Massive impact of AI for retail

The importance of AI in marketing has grown immensely in recent years:

  • according to Forbes Magazine, 86% of marketing leaders believe that artificial intelligence will revolutionize marketing by 2020.
  • McKinsey recently analyzed the potential impact of AI per industry. The estimated aggregated US-dollar impact of AI is the largest for the retail industry, up to $777 billion, of which $470 billion is generated by marketing and sales solutions – mainly in the business area of pricing and promotion with $210 billion.

One of the biggest challenges remains targeting the right consumers for ads and promotions and identifying the right discount level to induce a consumer to buy. This is especially true for grocery and other FMCG retailers – an industry which is very much based on traditions and established processes and ideas.

Combining substantial internal research with external academic cooperation for a next-level AI

SO1 (Segment of One) is a driving force in the sector of pricing and promotion with fresh and revolutionary ideas on how to efficiently target consumers.


We combine internal and external research for the best possible results. This means we put great effort into hiring talent from all around the globe, and enable them to cooperate closely with top-tier universities on machine-learning research projects – to stay close to academic research and their latest findings. This continuous learning approach accelerates our success and forms the foundation of our shared knowledge within the company.

Let's have a look at some examples. The first three describe our latest external academic cooperation projects, the fourth an internal research project.

(1) In our joint work with researchers from the Massachusetts Institute of Technology we are developing scalable deep-neural networks that use rich market basket data and loyalty card data to predict consumers' purchases across all categories in a retailer's product assortment.

(2) The collaboration with the Humboldt University Berlin has the goal of improving coupon recommender systems in grocery retail with the help of deep reinforcement learning.

(3) Research projects with ETH Zurich focus on the design of loyalty reward programs and their link to price promotions in grocery retail.

(4) Along with external research projects, we also tackle specific retail and AI challenges, such as “learning non-decomposable objectives”, internally within our R&D team. Let's look at this example in more detail: There are various KPIs that retailers are interested in, such as redemption rate, promotion feed diversity or revenue uplift. But these KPI's are non-trivial (i.e. difficult) to optimize. One possible way of tackling the problem of optimizing multiple KPIs is to try to improve the target objective indirectly. For example, by optimizing cross-entropy in the case of highly imbalanced data and then choosing a bias with cross validation. This is a standard method to achieve a better recall. The approach that we take is to create a surrogate objective that bounds the original one and makes it possible to solve the optimization problem with stochastic gradient descent. This makes the training of our recommendation engine scalable to millions of customers and helps us to outperform standard methods.

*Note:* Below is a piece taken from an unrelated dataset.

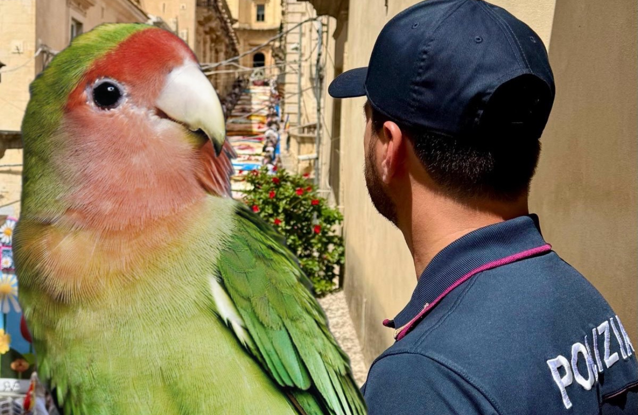 I poliziotti, in forza al Commissariato di Pubblica Sicurezza di Noto, hanno fermato due uomini intenti a vendere giocattoli. Nel corso della verifica, è emerso che uno dei due nascondeva all’interno di un marsupio un esemplare di agapornis, un piccolo pappagallo noto anche come “inseparabile”.

Knowledge is key to always staying one step ahead of the competition

At SO1, we channel all internal and external research to focus on building the best version of our product every day. Our artificial intelligence has been applied by leading solution providers and retailers in the CPG and grocery retail industry in the US and in Europe. These partnerships have shown that AI targeting leads to significant positive financial impact for retailers while at the same time improving customer satisfaction and redemption rates.

During our most recent project, SO1 competed against rule-based targeting using demographics and other metadata, and outperformed it by an average of 90% with regard to coupon redemption rates. Additionally, retailers can save up to 60% on the budgets that are spent on discounts when these are allocated to the right consumers.

This is a huge step towards a new and improved version of CPG retail marketing and will allow retailers to realize the AI dollar impact predicted by McKinsey. This is the future of retail.

PS: SO1 (Segment of One) is one of the driving forces of retailer digitalization. We have created a very powerful AI for retail which is capable of personalizing promotions for users in real-time and across devices. The SO1 Engine (combining targeting, recommendation, and optimization features) sources the entire portfolio of the retailer and automatically selects the right products for each individual consumer and adjusts discounts such that revenue, profit, or consumer satisfaction are maximized. To learn more, reach out to:
US Sales: Patricia A. Cucinelli, cucinelli@so1.ai, +1 917 757 6221
EMEA & APAC Sales: Stephan Visarius, visarius@so1.ai, +49 160 93 59 69 95

SO1 is a registered trademark of SO1 Incorporated.

Personalization | Future of Retail | Precision Marketing | AdTech | Marketing Automation | Marketing Science | Hyperpersonalization | Recommendation Engine | 1:1 Marketing | one-to-one Marketing | Retail AI | Retail Technology | Personalization Technology | Personalization Solutions | Coupon Optimization | Offer Optimization | Promotion Optimization


Stephan Visarius

Stephan Visarius

Heading the Customer Acquisition & Success team at SO1, I take care of sales, biz dev & marketing. Before I worked for PAYBACK (sales to FMCG brands) & MARS (Ice Cream Trade Mktg & strategic projects)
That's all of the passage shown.